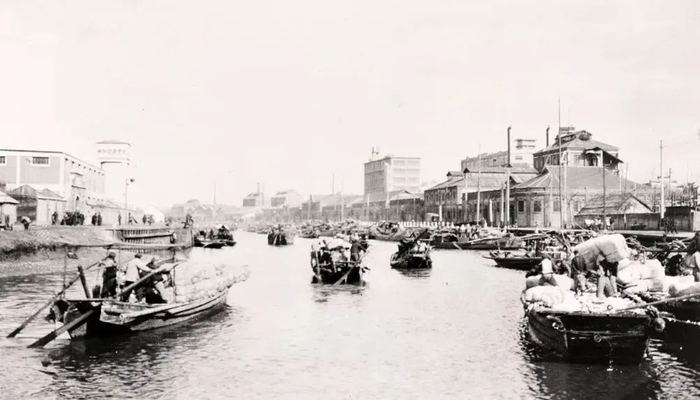 20世纪20年代苏州河影像,现大致梦清园河段。可见两岸可见工厂码头仓库众多(资料图)。
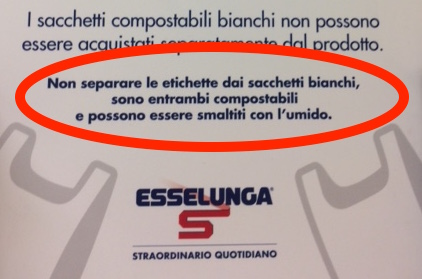 I clienti più attenti all’ambiente avevano imparato ad applicare l’etichetta adesiva del prezzo nella parte alta del sacchetto in modo da poterla ritagliare con le forbici e utilizzare la borsina per l’umido. È facile immaginare che nella maggior parte dei casi i sacchetti della frutta e della verdura finivano nel bidone dell’umido con l’etichetta contaminando così il rifiuto organico.Iper etichetta sacchetti compostabile Etichette
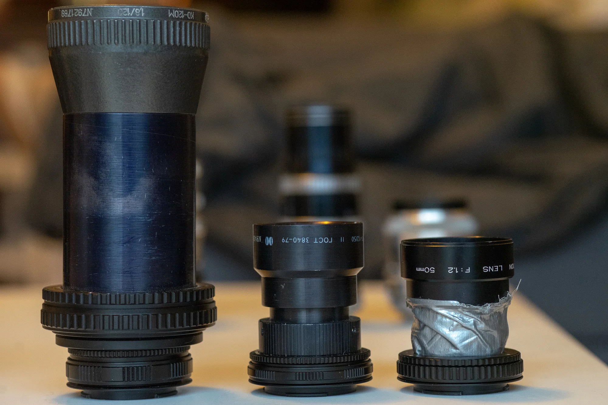 Left to right: 1) KO-120M 120mm f/1.8 1979 from eBay 2) 16KP 50mm f/1.2 date unknown from eBay 3) Elmo 50mm f/1.2 date unknown from Creative Reuse in Pittsburgh, PA
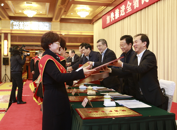 當天大會通報表彰了通威集團、永祥股份等100家優(yōu)秀民營企業(yè),通威集團禚玉嬌總裁,通威股份董事、永祥股份董事長兼總經(jīng)理段雍分別代表通威集團、永祥股份上臺領(lǐng)取“優(yōu)秀民營企業(yè)”獎牌。大會同時勉勵獲獎企業(yè)珍惜榮譽、再創(chuàng)佳績,大力弘揚“愛國、敬業(yè)、誠信、守法、貢獻”的價值取向,為推動全省經(jīng)濟加快發(fā)展做出更大貢獻。會后,禚玉嬌總裁與段雍董事長參加了當天下午舉行分組討論,為推進四川民營經(jīng)濟發(fā)展積極建言獻策。
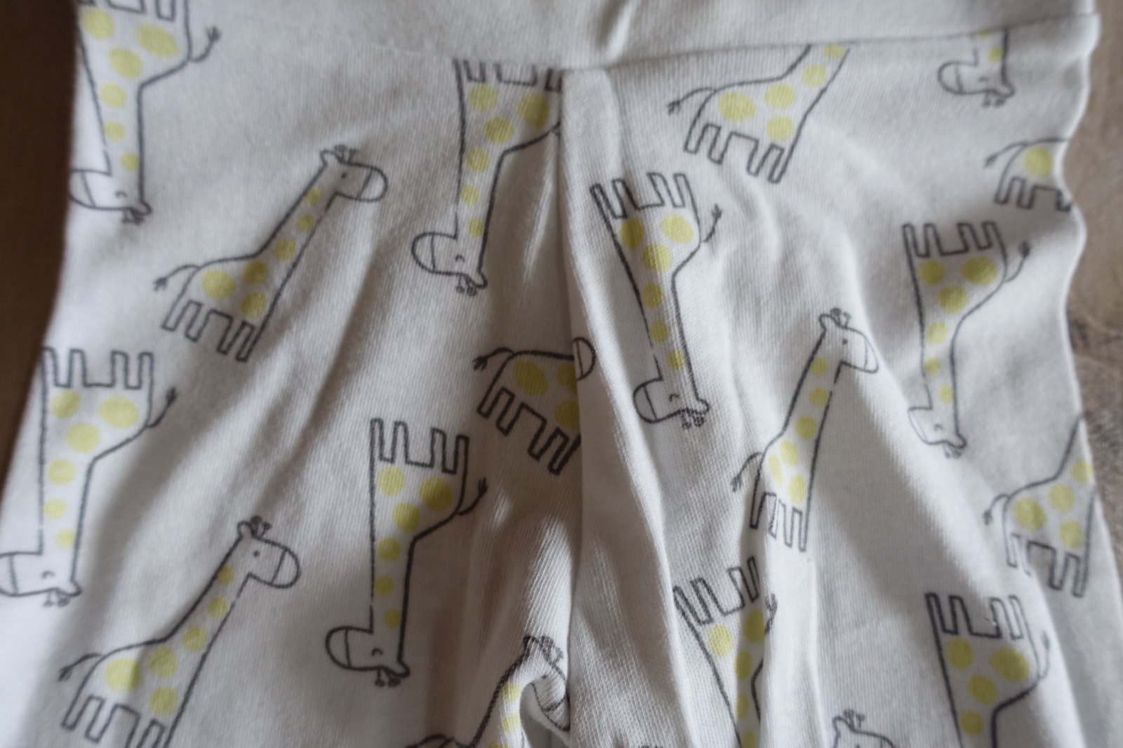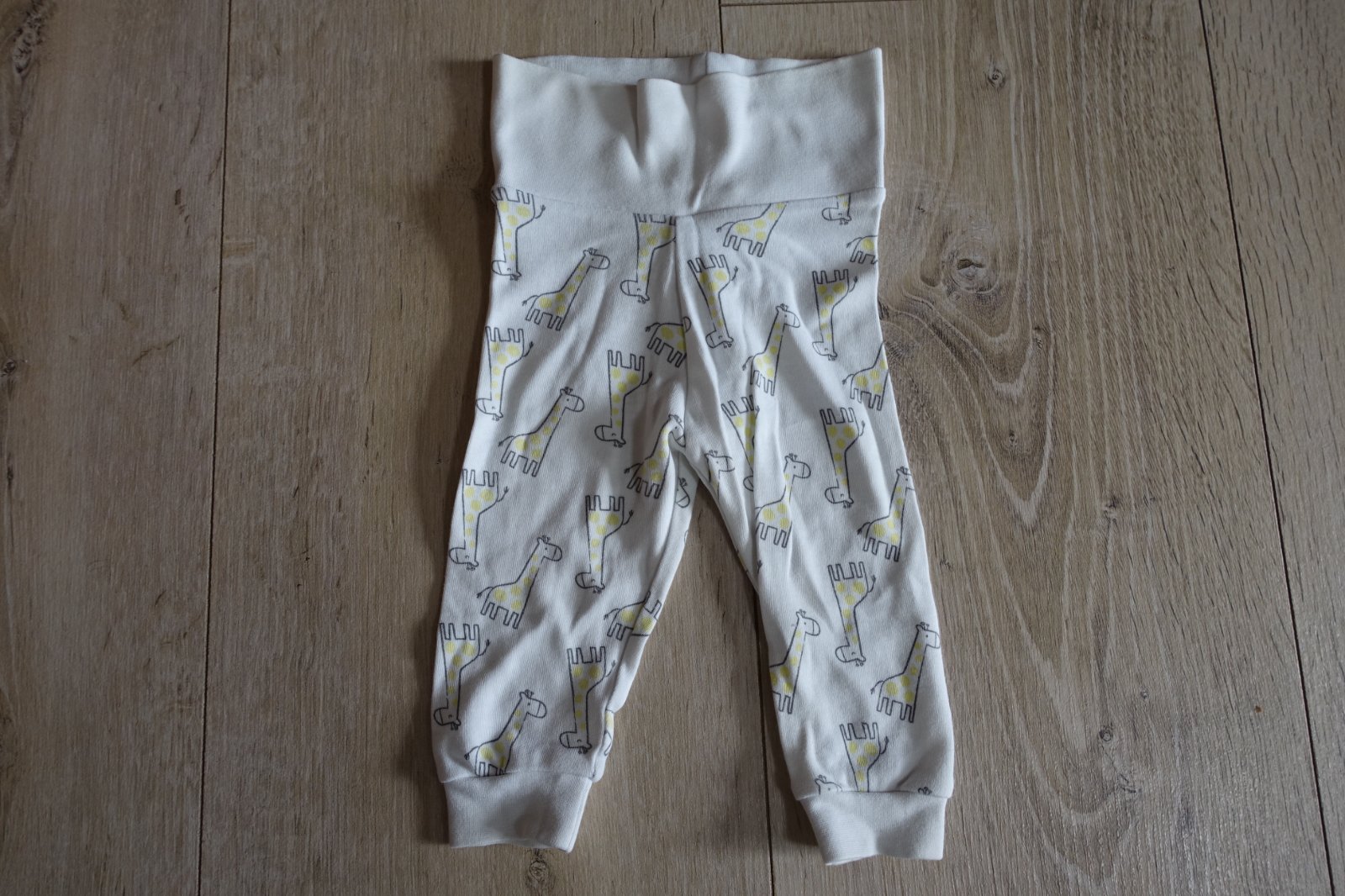 Predám krásne, mäkké a pohodlné bavlnené tepláčiky so žirafkami. Sú vhodné pre nenáročnú mamičku, nakoľko boli nosené a trošička pri naklonení akoby sa chcel začať robiť chĺpoček z prania. Ale ešte nie sú žmolkavé. Celková dĺžka tepláčikov je 39 cm. Šírka pásu v kľude je 19,5 cm. (B)

□ □ □ □ □ □ □

Task to complete: Leave every image out and retype the entries above word for word.

Output for this task:
 20世纪20年代苏州河影像,现大致梦清园河段。可见两岸可见工厂码头仓库众多(资料图)。
 I clienti più attenti all’ambiente avevano imparato ad applicare l’etichetta adesiva del prezzo nella parte alta del sacchetto in modo da poterla ritagliare con le forbici e utilizzare la borsina per l’umido. È facile immaginare che nella maggior parte dei casi i sacchetti della frutta e della verdura finivano nel bidone dell’umido con l’etichetta contaminando così il rifiuto organico.Iper etichetta sacchetti compostabile Etichette
 Left to right: 1) KO-120M 120mm f/1.8 1979 from eBay 2) 16KP 50mm f/1.2 date unknown from eBay 3) Elmo 50mm f/1.2 date unknown from Creative Reuse in Pittsburgh, PA
 當天大會通報表彰了通威集團、永祥股份等100家優(yōu)秀民營企業(yè),通威集團禚玉嬌總裁,通威股份董事、永祥股份董事長兼總經(jīng)理段雍分別代表通威集團、永祥股份上臺領(lǐng)取“優(yōu)秀民營企業(yè)”獎牌。大會同時勉勵獲獎企業(yè)珍惜榮譽、再創(chuàng)佳績,大力弘揚“愛國、敬業(yè)、誠信、守法、貢獻”的價值取向,為推動全省經(jīng)濟加快發(fā)展做出更大貢獻。會后,禚玉嬌總裁與段雍董事長參加了當天下午舉行分組討論,為推進四川民營經(jīng)濟發(fā)展積極建言獻策。
 Predám krásne, mäkké a pohodlné bavlnené tepláčiky so žirafkami. Sú vhodné pre nenáročnú mamičku, nakoľko boli nosené a trošička pri naklonení akoby sa chcel začať robiť chĺpoček z prania. Ale ešte nie sú žmolkavé. Celková dĺžka tepláčikov je 39 cm. Šírka pásu v kľude je 19,5 cm. (B)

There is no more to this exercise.